Consider the following two versions of a summary table. The first is in long format, where sex is one column and the mean weight is another.
```{r echo = TRUE}
penguins_long
```
The second is in wide format, where the values of the sex variable (female or male) are used as column headings, and the mean weight values are distributed over these two columns.
```{r echo = TRUE}
penguins_wide
```
You can turn a long table into a wide table using the function `pivot_wider()`, which takes two arguments: `names_from` specifies the long column from which the new wide column names should be taken (here e.g., `"sex"`), and `values_from` specifies the long column from which the new wide values should be taken (here e.g., `"mean_weight"`). Try this out.
```{r pivot-wider, exercise = TRUE}
penguins_long %>%
___
```
```{r pivot-wider-hint}
penguins_long %>%
pivot_wider(names_from = ___, values_from = ___)
```
```{r pivot-wider-solution}
penguins_long %>%
pivot_wider(names_from = "sex", values_from = "mean_weight")
```
You can similarly turn a wide table into a long one using the function `pivot_longer()`. It has arguments `cols`, `names_to`, and `values_to`. `cols` specifies the wide columns on which to operate, `names_to` specifies into which long columns the names of the wide columns should be written, and `values_to` specfies into which long columns the values of the wide columns should be written. Note that while `names_to` and `values_to` are specified as strings (that is, in quotes, such as `names_to = "sex"`), the `cols` argument does not use quotes (e.g., `cols = c(female, male)`).
Try this out.
```{r pivot-longer, exercise = TRUE}
penguins_wide %>%
___
```
```{r pivot-longer-hint}
penguins_wide %>%
pivot_longer(cols = ___, names_to = ___, values_to = ___)
```
```{r pivot-longer-solution}
penguins_wide %>%
pivot_longer(cols = c(female, male), names_to = "sex", values_to = "mean_weight")
```
Notice how the arguments `names_from` and `values_from` in `pivot_wider()` are exactly equivalent to `names_to` and `values_to` in `pivot_longer()`.

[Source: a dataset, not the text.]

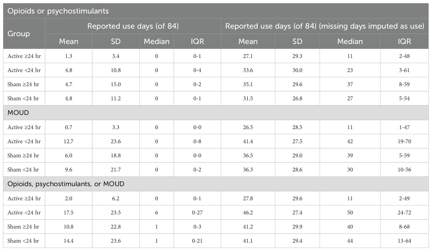 Table 3 lists percentages of patients with zero days of opioid or psychostimulant use (complete abstinence) during the 84-day post-discharge period for the four subgroups. Table 4 lists summary statistics for these groups. Data are presented with reported use-days and with missing values imputed as use. The percentage of participants with zero days of use was significantly higher in the Active >24 hr group (73.9%) compared to the other groups (Active <24 hr: 32.0%, Sham >24 hr: 42.9%, Sham <24 hr: 47.1%), χ2 = 8.97, p = .003.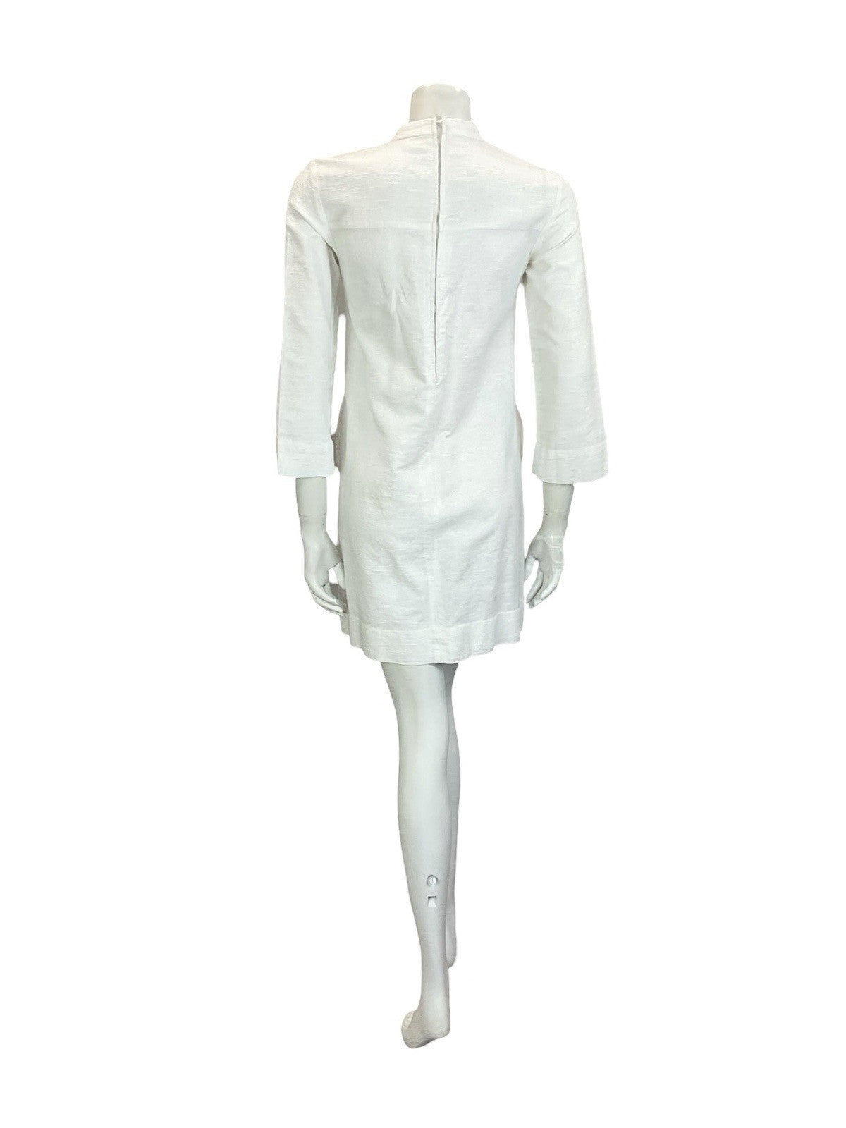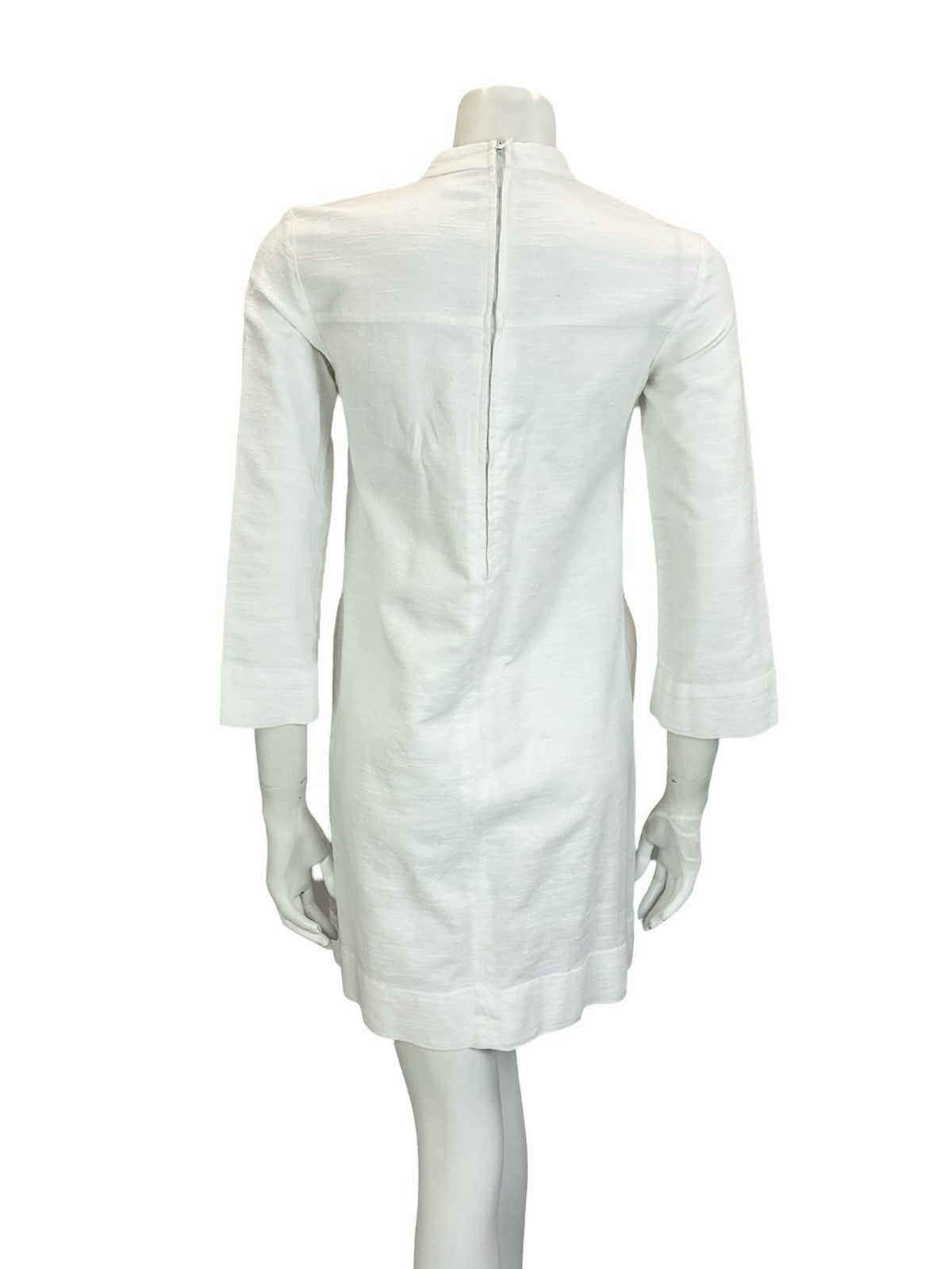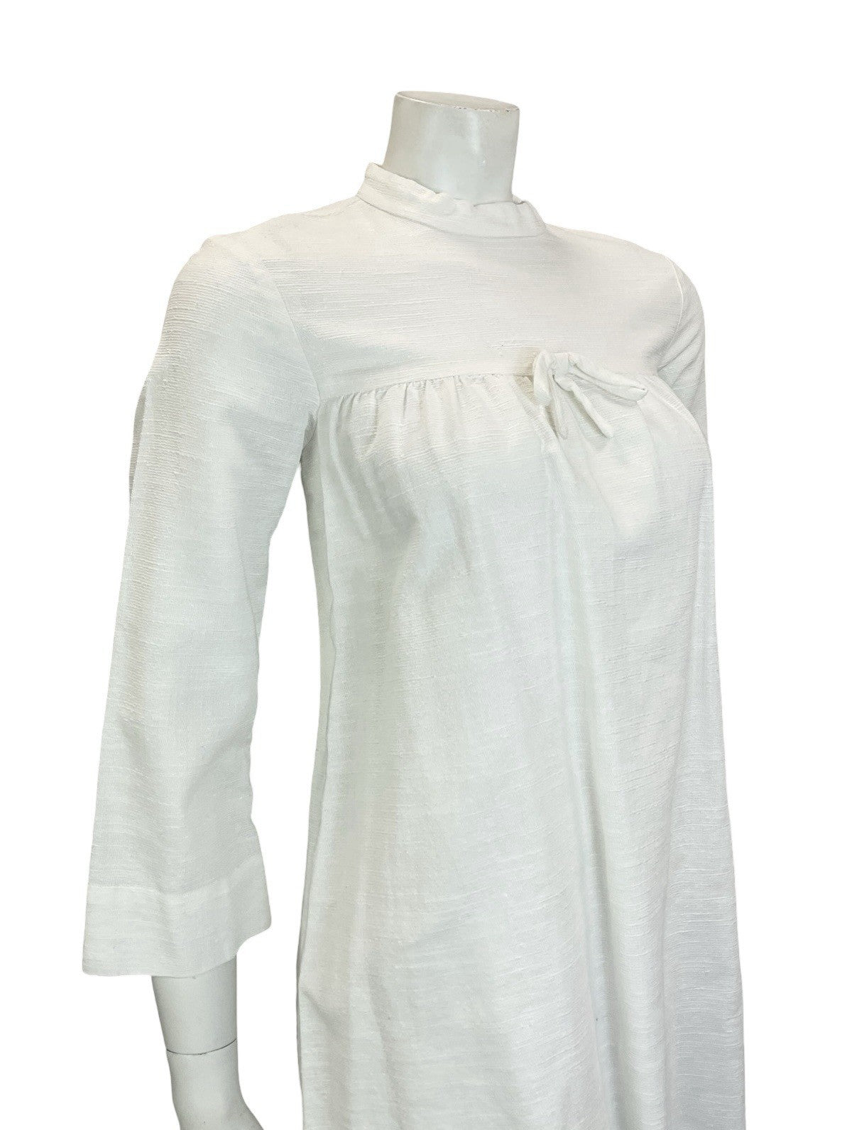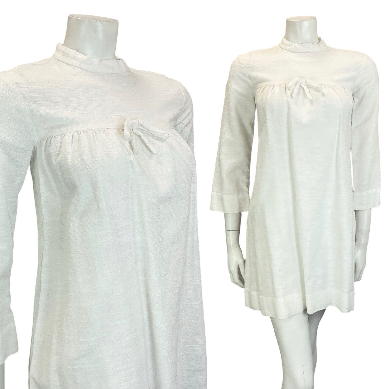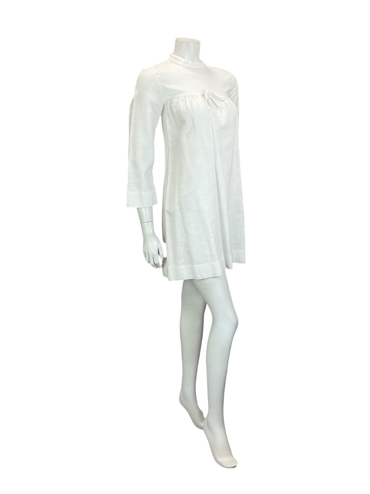VTG 60S MOD GOGO WHITE BRIDAL COTTON 3/4 SLEEVE BOW SMOCK TENT DRESS 8

## Combining datasets with joins
Finally, we sometimes encounter the situation where we have two data sets that contain different pieces of information about the same subjects or objects, and we need to merge these tables for further analysis. In this situation, we need to perform a join, and there are multiple different types of joins available: `left_join()`, `right_join()`, `inner_join()`, `full_join()`. These joins all differ in how they handle cases where an observation is present in only one of the two tables but missing in the other.
Two explore joins, consider the following two datasets, which contain the population number of three Texas cities and the city areas, respectively. The cities in the two tables are not the same, on purpose.
```{r echo = TRUE}
TX_population
TX_area
```
Try to merge `TX_area` into `TX_population`, using `left_join()`.
```{r left-join, exercise = TRUE}
left_join(___)
```
```{r left-join-hint}
left_join(___, ___)
```
```{r left-join-solution}
left_join(TX_population, TX_area)
```
What happens if you reverse the two arguments?
Now try the same with `full_join()`.
```{r full-join, exercise = TRUE}
```
```{r full-join-hint}
full_join(___, ___)
```
```{r full-join-solution}
full_join(TX_population, TX_area)
```
Try also `right_join()` and `inner_join()`. See if you can describe what each join function does and how they differ from one another.